Task to carry out: All of the entries are to be repeated exactly, with no pictures included.
::: Study material :::
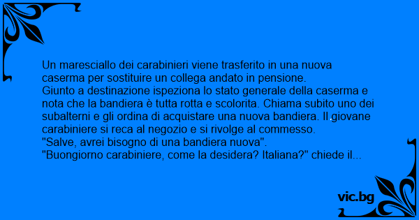 Giunto a destinazione ispeziona lo stato generale della caserma e nota che la bandiera è tutta rotta e scolorita. Chiama subito uno dei subalterni e gli ordina di acquistare una nuova bandiera. Il giovane carabiniere si reca al negozio e si rivolge al commesso.
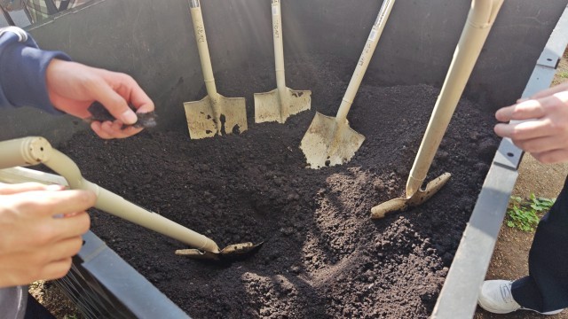 よく掻き混ぜる「切り返し」を行なって土中に酸素を送り込み堆肥の完熟を促しています!また、異物を取り除く作業も進めております。
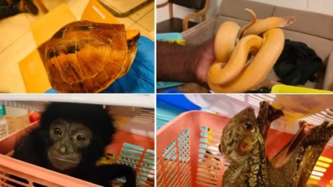 मीडिया रिपोर्ट के अनुसार, आरोपी की पहचान मोहम्मद मीरा सरधराली के रूप में हुई है, जिससे 22 वन्यजीव बरामद हुए हैं। इनमें एक इंडोनेशिया और मलेशिया में पाया जाने वाला सियामांग गिब्बन प्रजाति का बंदर, 2 सुंडा उड़ने वाले लेमर्स, एक लाल पैर वाला कछुआ, 5 इंडो चेनी बॉक्स कछुए, 9 कछुए 4 आंखों वाले, एक कील्ड बॉक्स कछुआ, 2 हरे रंग के अजगर और 1 सफेद रंग का अजगर, भारतीय कछुआ, ट्राईकैरिनेट पहाड़ी कछुआ, काला तालाब कछुआ, स्टार कछुआ और रॉयल बॉल अजगर शामिल हैं।
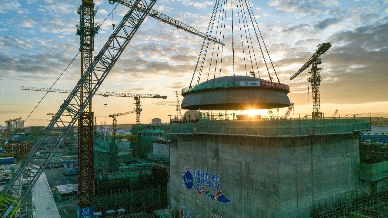 椰视频|核能充电宝“加冕”!“玲龙一号”钢制安全壳全部吊装就位
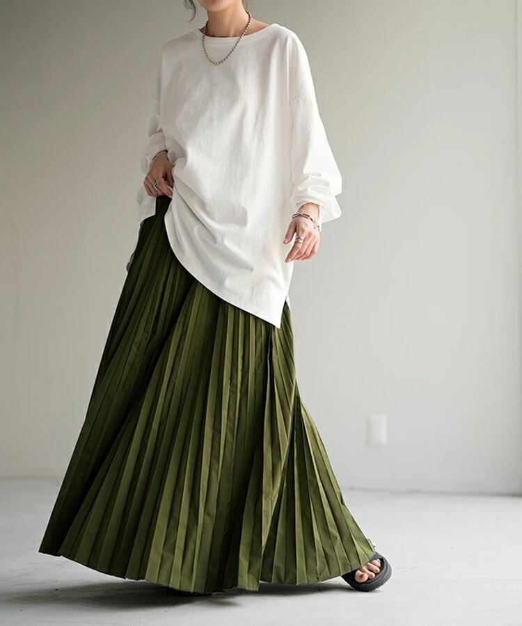 着まわしやすいシンプルなデザイン。ゆったり身幅で体型カバーも◎
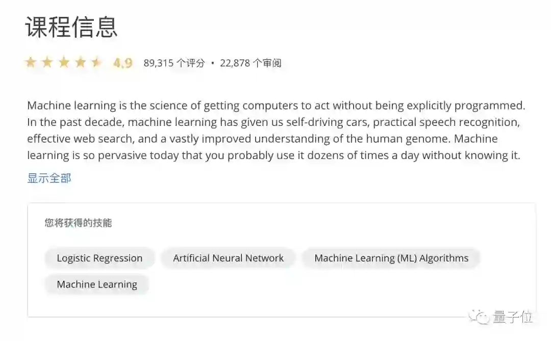 要说网课明星主讲人,还是非吴恩达老师莫属。这套面向初级选手的课程的课程用时只需7小时,门槛低。
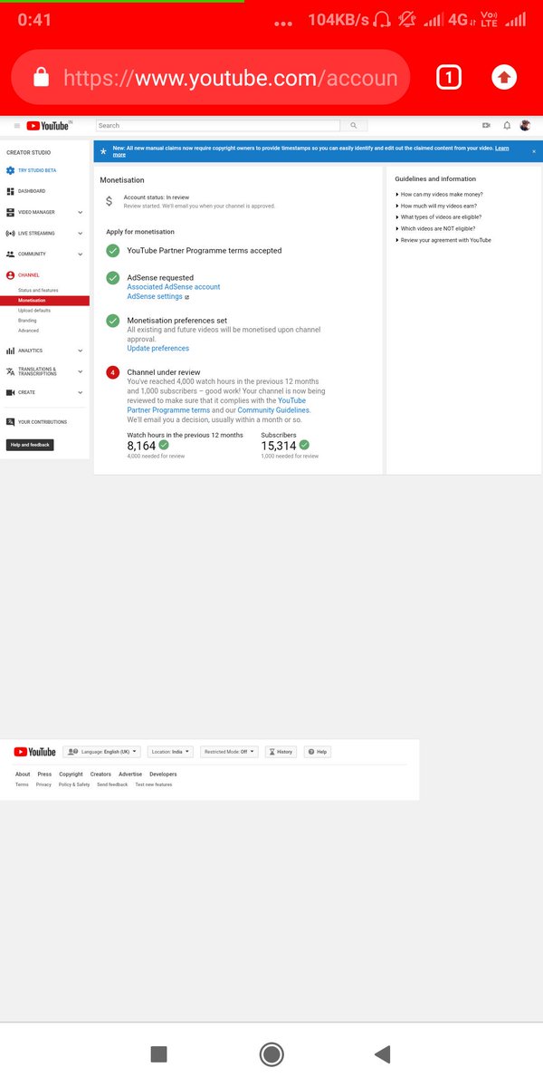 @YoutubeIndia @TeamYoutube @ytcreatorsindia hello team youtube my Channel cross 15k Subscribers and 8000 hrs Watchtime but Monetization not enabled One Month Complete My Channel Under Review.Please review my channel quickly as well as poss Channel link - https://www.youtube.com/channel/UCY1mE8pHEIZcDw-K2iZcqAQ …pic.twitter.com/Q88byhhwgS
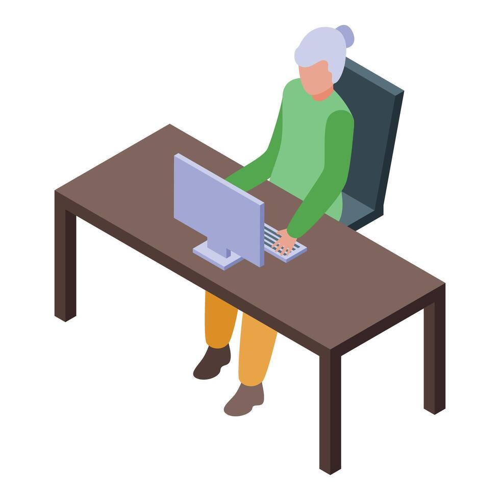 Senior woman using braille display keyboard working on desktop computer Pro Vector
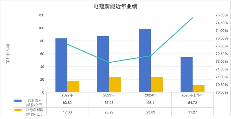 2025年上半年,电建新能实现营业收入54.72亿元,同比增长超过8个百分点;归母净利润11.27亿元,同比下滑16%。
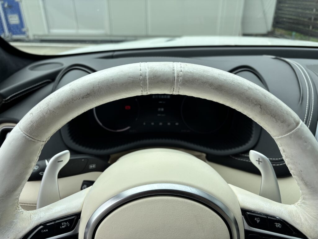 本日はASTON MARTIN DBX1913EDITIONの本革/レザーステアリングの表皮劣化を本革風塗装でリペアさせていただきました。
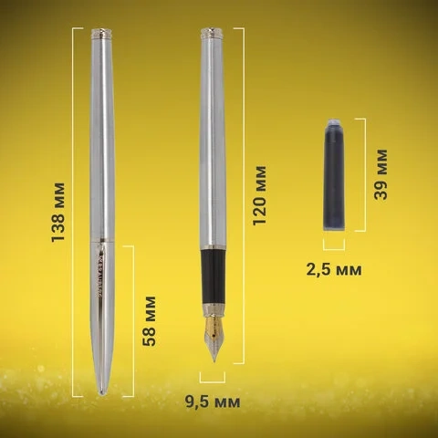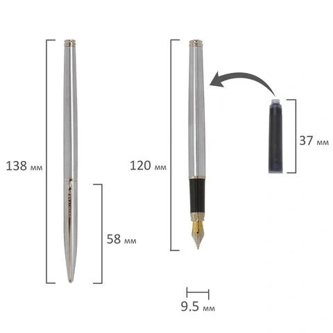 Стильная модель перьевой ручки с корпусом из металла серебристого цвета и хромированными деталями. Синий цвет чернил, иридиевое перо украшено гравировкой. Диаметр пишущего узла 0,7 мм создает ровню линию письма. Тип пера – M (Medium) – средняя ширина линии. Размер картриджа – 37 мм.
:::
Reply to the task:
 Giunto a destinazione ispeziona lo stato generale della caserma e nota che la bandiera è tutta rotta e scolorita. Chiama subito uno dei subalterni e gli ordina di acquistare una nuova bandiera. Il giovane carabiniere si reca al negozio e si rivolge al commesso.
 よく掻き混ぜる「切り返し」を行なって土中に酸素を送り込み堆肥の完熟を促しています!また、異物を取り除く作業も進めております。
 मीडिया रिपोर्ट के अनुसार, आरोपी की पहचान मोहम्मद मीरा सरधराली के रूप में हुई है, जिससे 22 वन्यजीव बरामद हुए हैं। इनमें एक इंडोनेशिया और मलेशिया में पाया जाने वाला सियामांग गिब्बन प्रजाति का बंदर, 2 सुंडा उड़ने वाले लेमर्स, एक लाल पैर वाला कछुआ, 5 इंडो चेनी बॉक्स कछुए, 9 कछुए 4 आंखों वाले, एक कील्ड बॉक्स कछुआ, 2 हरे रंग के अजगर और 1 सफेद रंग का अजगर, भारतीय कछुआ, ट्राईकैरिनेट पहाड़ी कछुआ, काला तालाब कछुआ, स्टार कछुआ और रॉयल बॉल अजगर शामिल हैं।
 椰视频|核能充电宝“加冕”!“玲龙一号”钢制安全壳全部吊装就位
 着まわしやすいシンプルなデザイン。ゆったり身幅で体型カバーも◎
 要说网课明星主讲人,还是非吴恩达老师莫属。这套面向初级选手的课程的课程用时只需7小时,门槛低。
 @YoutubeIndia @TeamYoutube @ytcreatorsindia hello team youtube my Channel cross 15k Subscribers and 8000 hrs Watchtime but Monetization not enabled One Month Complete My Channel Under Review.Please review my channel quickly as well as poss Channel link - https://www.youtube.com/channel/UCY1mE8pHEIZcDw-K2iZcqAQ …pic.twitter.com/Q88byhhwgS
 Senior woman using braille display keyboard working on desktop computer Pro Vector
 2025年上半年,电建新能实现营业收入54.72亿元,同比增长超过8个百分点;归母净利润11.27亿元,同比下滑16%。
 本日はASTON MARTIN DBX1913EDITIONの本革/レザーステアリングの表皮劣化を本革風塗装でリペアさせていただきました。
 Стильная модель перьевой ручки с корпусом из металла серебристого цвета и хромированными деталями. Синий цвет чернил, иридиевое перо украшено гравировкой. Диаметр пишущего узла 0,7 мм создает ровню линию письма. Тип пера – M (Medium) – средняя ширина линии. Размер картриджа – 37 мм.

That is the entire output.